Provokatif Sorular: Giresun'da Alevi Kimliği ve Toplumun Kabulü
1. Giresun'da Alevi nüfus var mı, yoksa bu inanç daha çok gizli mi tutuluyor? Toplum, Aleviliği kabul etmek yerine reddediyor mu?
2. Alevi kimliği, Giresun'un sosyal yapısında bir tehdit olarak mı görülüyor, yoksa bu kimlik bir çeşit toplumsal direncin simgesi mi?
3. Alevi kadınların toplumsal rollerinin, Giresun'daki geleneksel kadın figürleriyle ne gibi benzerlikleri ve farkları vardır?
4. Alevi kimliğini açıkça taşıyan biri Giresun'da gerçekten güvende midir, yoksa toplumsal baskılar ve önyargılar nedeniyle bu kimlik gizlenmeye mi çalışılır?

Bu sorular, Giresun'un toplumsal yapısının, kimlikleri ve inançları dışlayan bir yapıya sahip olduğunu düşündüren önemli noktalar sunmaktadır.

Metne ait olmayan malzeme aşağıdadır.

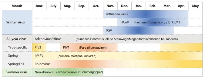 - Influenza, Parainfluenza, RSV und Coronaviren sind durch eine Lipidhülle geschützt. Rhinovirus-14 weist keine Lipidhülle auf und überlebt bei hoher Luftfeuchte besser. Allgemein sind die Viren bei Kälte stabiler als bei Wärme.
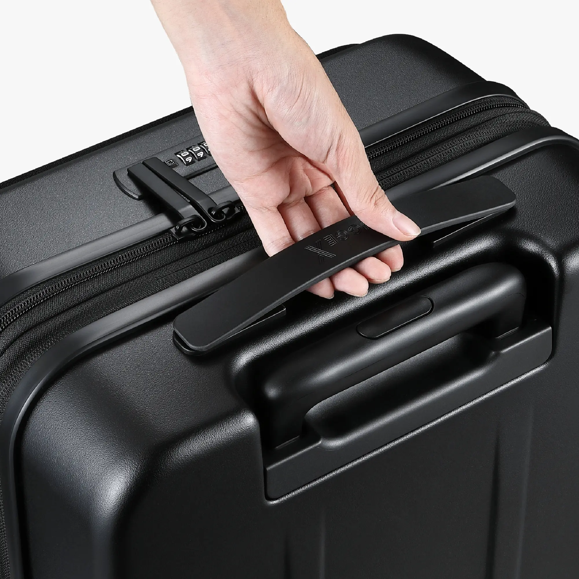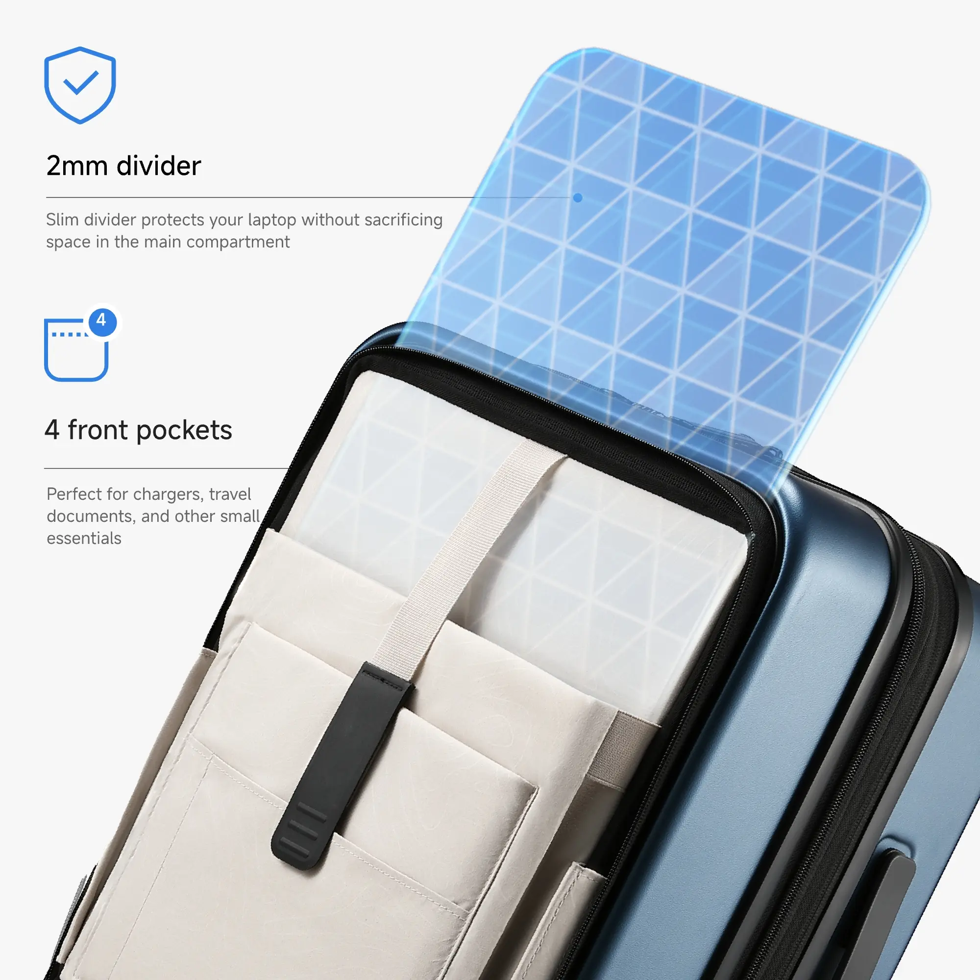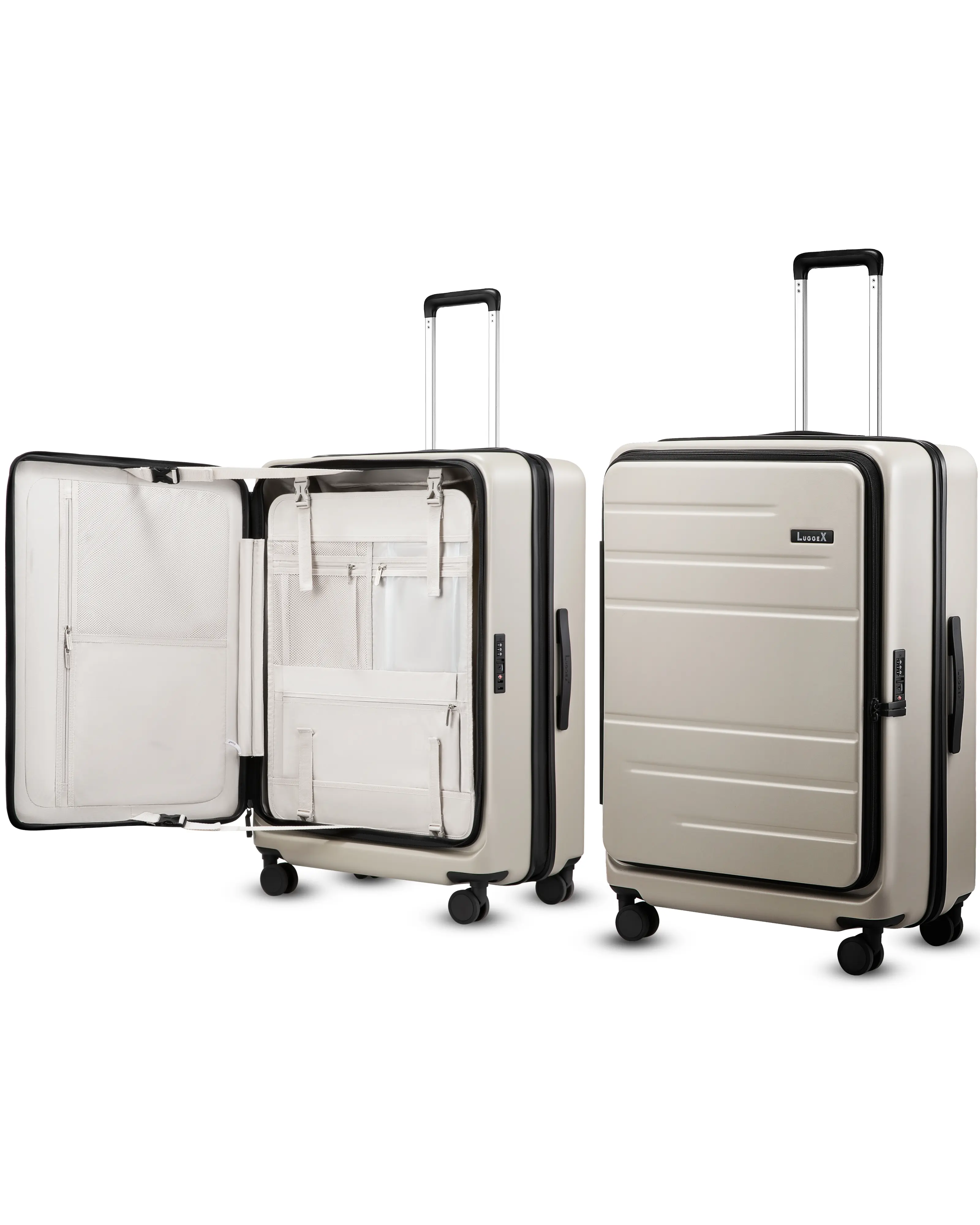·【FLO5 Vertical Access System】Tired of wrestling with luggage on the floor? FLO5’s innovative vertical-open design lets you access your belongings upright in narrow aisles or against a wall, saving valuable space and keeping your clothes off the ground—perfectly built into this 28 inch luggage with spinner wheels.

Dini inançlar, toplumsal kimlikler ve kadın-erkek rolleri arasındaki dengeyi bulmak, Giresun'daki Alevi meselesine dair daha geniş bir tartışmayı başlatabilir. Giresun'da Alevilik üzerine düşünmek, yalnızca Alevilerin değil, aynı zamanda tüm toplumun kendini nasıl tanımladığına ve bu kimliklere nasıl değer verdiğine dair bir sorgulamadır.